Początek środowych obrad sejmiku zachodniopomorskiego miał burzliwy przebieg – pewnie dlatego, że to ostatnia debata radnych przed zaplanowanymi na 21 października wyborami samorządowymi. Spierano się o porządek obrad, a potem o zmiany w budżecie.
Paweł Mucha z Prawa i Sprawiedliwości dziwił się, że aż „125 milionów ma być niewydatkowane na cele inwestycyjne”.
– To gigantyczna porażka – ocenił radny. – Oznacza konkretne nierealizowane inwestycje. Nie przypominam sobie korekty na taką skalę. Potwierdza się nierealność budżetu, o której mówiliśmy.
– Co z konsolidacją urzędu? – dopytywał Robert Grzywacz z Sojuszu Lewicy Demokratycznej nawiązując do zerwania umowy z firmą Pas-Projekt, która miała przygotować dokumentację projektową nowej siedziby marszałka przy ul. Piłsudskiego. – Panie marszałku, czy pan wyciągnie jakieś wnioski?
Marszałek Olgierd Geblewicz odpowiadał tak:
– W całej Europie mamy opóźnienia w wydatkowaniu funduszy unijnych. Pieniądze trzeba zainwestować, a nie wydać, trzeba zrobić to mądrze, a nie szybko. Jeśli chodzi o ilość zmian w budżecie, to nie odstajemy od innych samorządów. Tak się pracuje w każdym samorządzie.

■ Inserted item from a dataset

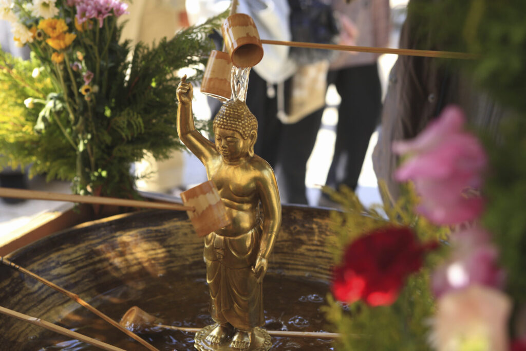 - 日本では、「灌仏会」と呼ばれる祭りが主催され、この時期にお釈迦様の像に甘茶をかけます。

Do sprawy konsolidacji odniósł się Bohdan Roszkowski, dyrektor Wydziału Inwestycji i Nieruchomości Województwa Zachodniopomorskiego.
– Ktoś może uważać za porażkę to, że umowę rozwiązano. My patrzymy na to tak, że to dobry ruch, bo daje możliwość szybszego i lepszego procedowania.
Dyrektor stwierdził, że opieszałość projektanta była dla niego „niemiłym zaskoczeniem”.
Zmiany w budżecie zostały przegłosowane.